또한 해당 논문에서는 추후에 GRU (Gated Recurrent Unit) 라고 불리게 되눈 새로운 RNN 구조를 제시한다. 이 구조는 LSTM에서 영감을 받아 간소화한 것으로, 총 두 개의 게이트로 이루어져 있다. 그 중 하나인 리셋 게이트 (reset gate) 는 현재 입력으로 새로운 은닉 스테이트 (hidden state) 를 계산할 때 이전 은닉 스테이트를 얼마나 반영할 것인지 조절한다. 다른 하나인 업데이트 게이트 (update gate) 는 다음 은닉 스테이트를 계산하는 데에 있어서 이전 은닉 스테이트와 새로운 은닉 스테이트 간의 비중을 조절한다.

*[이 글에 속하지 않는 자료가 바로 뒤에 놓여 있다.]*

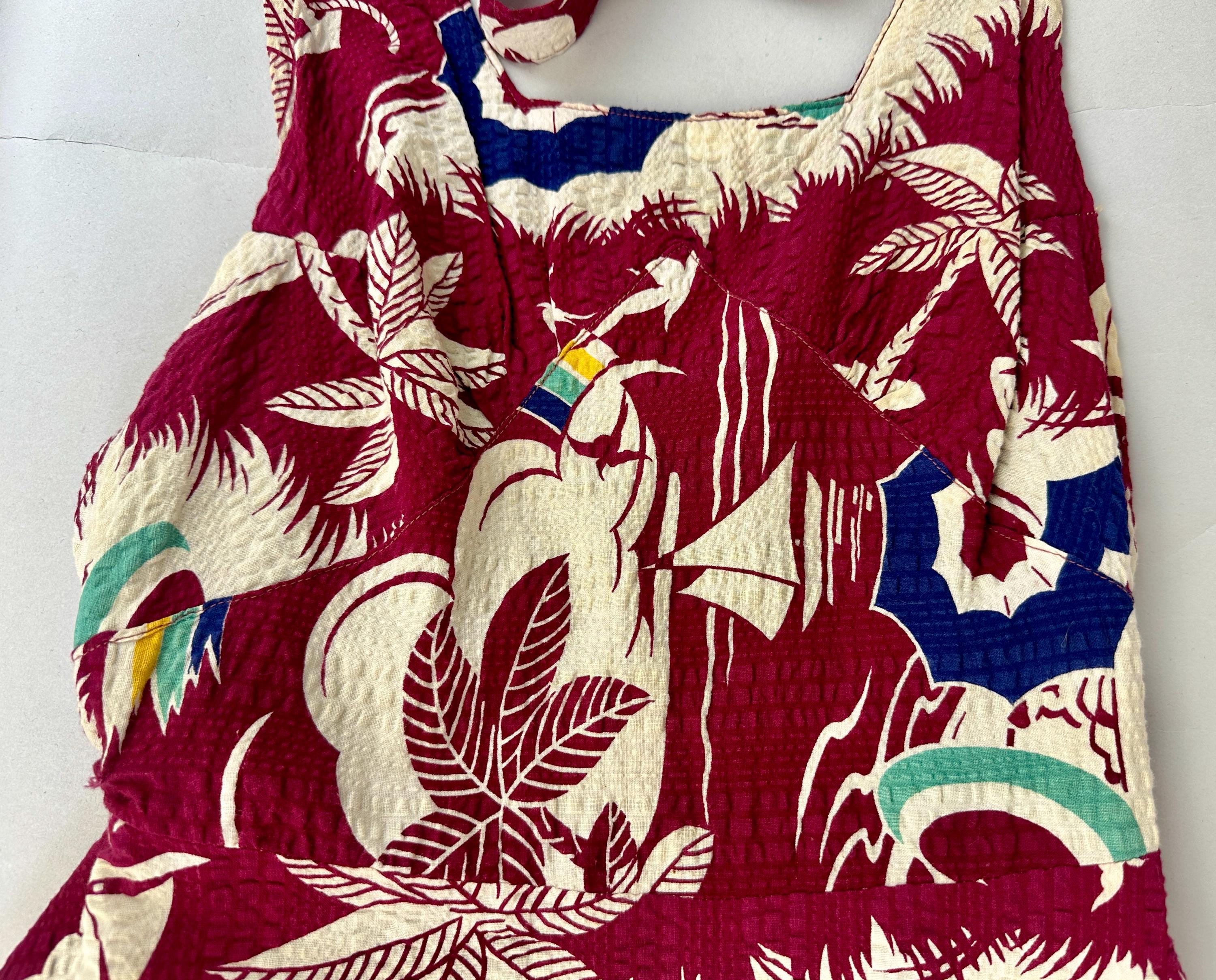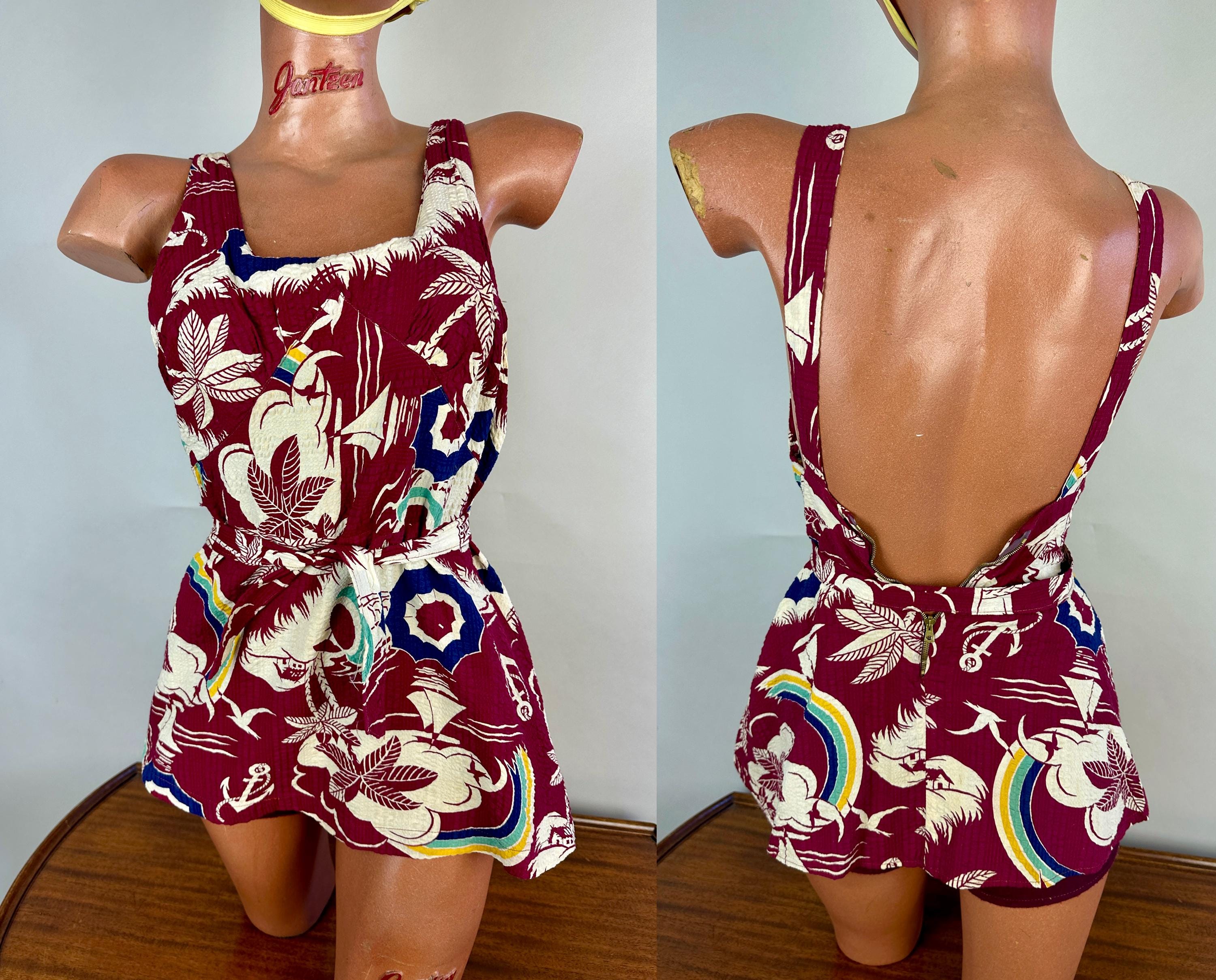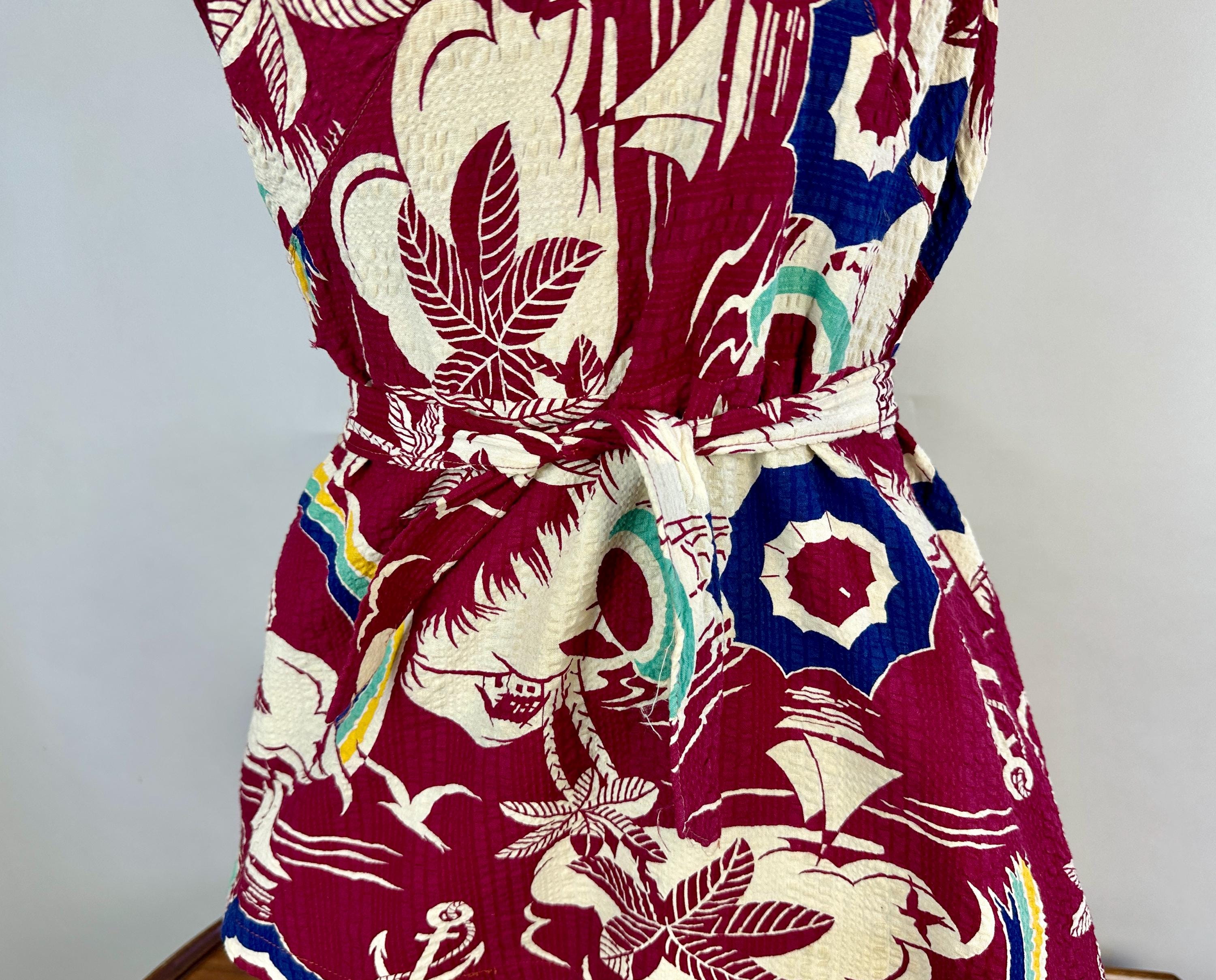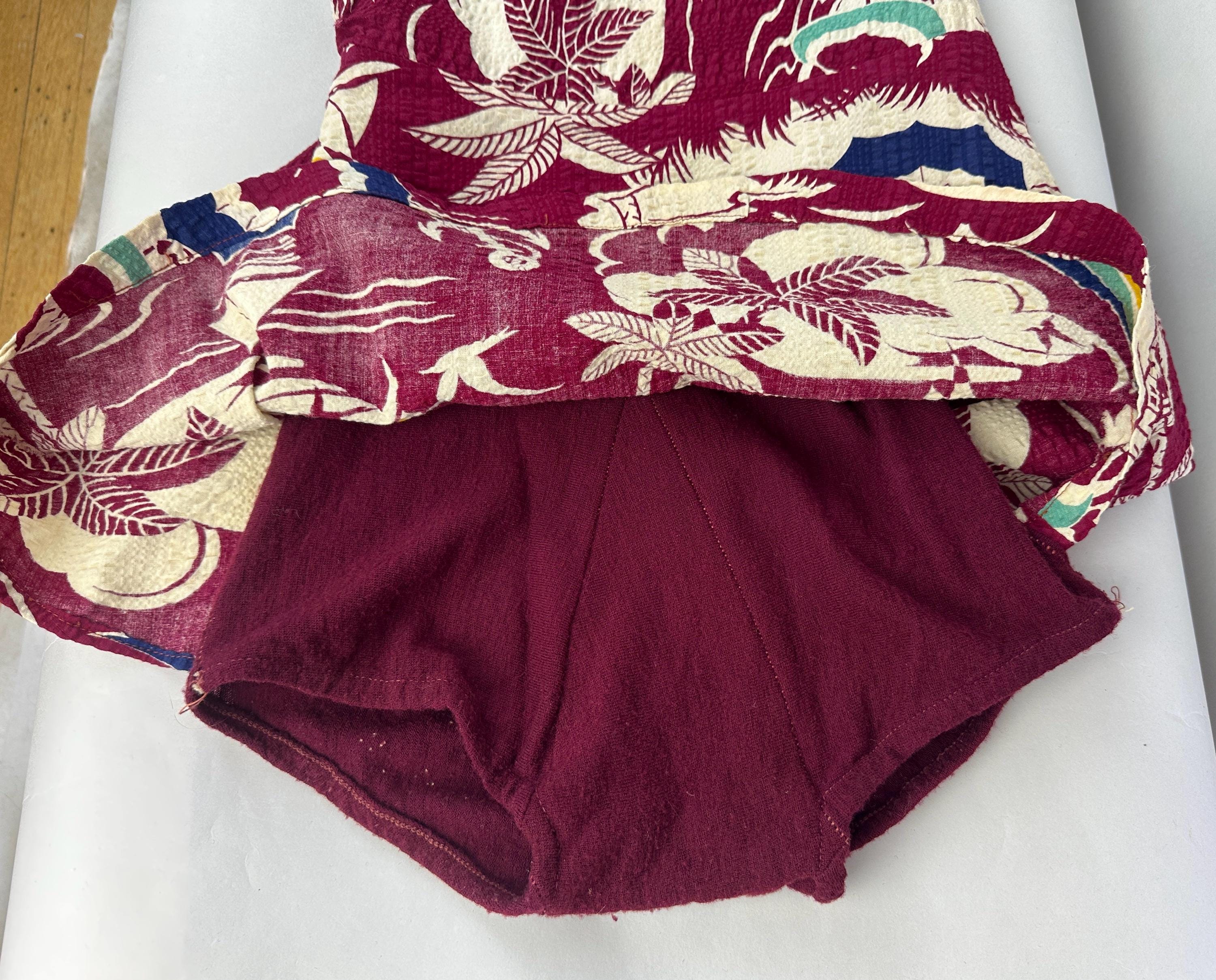 Sail away to a tropical island and spend your days sunning in this 1930s romper! The outer dress of seersucker cotton has a dreamy novelty print of palm trees, sail boats, umbrellas, anchors, and gulls flying towards rainbows. Mainly maroon, the print is played up in white, navy, turquoise, and canary yellow. A wool knit lining is fitted like a traditional one piece swimsuit and matches the marroon cotton. Styled with a square neckline, diamond bustline, flared skirt, and low back, a self belt in a sash style cinches the waist. Early brass fan-pull zipper up the back. This playsuit is in great vintage condition, a couple tiny holes in the knit liner but no outer holes, stains, or odors to note.

제안한 방법을 WMT'14 English to French Machine Translation 작업에 적용하였다. SMT 시스템으로 기본 세팅을 이용한 Moses를 사용하였으며, 이와 함께 논문에서 제안한 구조를 사용했을 때 테스트 세트에서 33.87에 달하는 점수를 얻었다. (기존 시스템만 사용했을 때보다 0.57만큼 높은 점수이다.)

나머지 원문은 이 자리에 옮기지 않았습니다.